If an interesting URL is new (i.e., has not been encountered before) or has not been crawled for a predetermined period (e.g., more than 24 hours), ingest manager 405, after creating an entry in real-time-data DB 410 and populating it with the kind of data described above in connection with previously-encountered URLs, sends it to its associated indexing server 220 for crawling, parsing and analysis, and indexing. The processes of crawling, parsing and analysis, and indexing are explained more fully below.
Ingest manager 405 also saves, in social-activity DB 415, the text of the data item that contained the shared URL, if available, and information about the user who shared the URL such as the user's name, username, location, or image.
Real-time search module 425 receives search queries from search servers 210, as explained above, and looks for relevant URLs in its own index 420, which is a mirror of the master copy maintained by the corresponding indexing server 220. In one embodiment, a “relevant” URL is one for which the relevance score of the corresponding content (calculated using standard information-retrieval techniques) exceeds a predetermined threshold.

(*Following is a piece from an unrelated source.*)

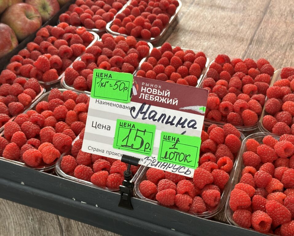 Свежесобранная клюква продается от 14 до 14,90 рубля за килограмм, а малина — от 25 до 50. Если не хочется покупать целый килограмм, можно взять небольшой лоток за 10–15 рублей.

Real-time search module 425 optionally supplements the relevant URLs with additional information stored in real-time-data DB 410, social-activity DB 415, or both. Real-time search module 425 sends the relevant URLs or supplemented relevant URLs back to search servers 210 for ranking and presentation to the user who submitted the search query.
At any given time, real-time server 215 and its associated indexing server 220 maintain up to three similar copies of the text index: (1) a “live” index, (2) a non-optimized index, and (3) an optimized search index. The “live index” is maintained by the indexing server 220 associated with a given real-time server 215. Indexing server 220 updates this “live index” constantly as it crawls Web content. At predefined intervals (e.g., once each minute), a non-optimized copy of the index is sent from indexing server 220 to its associated real-time server 215. Real-time server 215 performs a clean up and optimization process on this non-optimized version of the index to remove deleted documents and to improve performance. Once cleaned up and optimized, this third copy of the index is used as the search index (index 420) to respond to search queries received from search servers 210.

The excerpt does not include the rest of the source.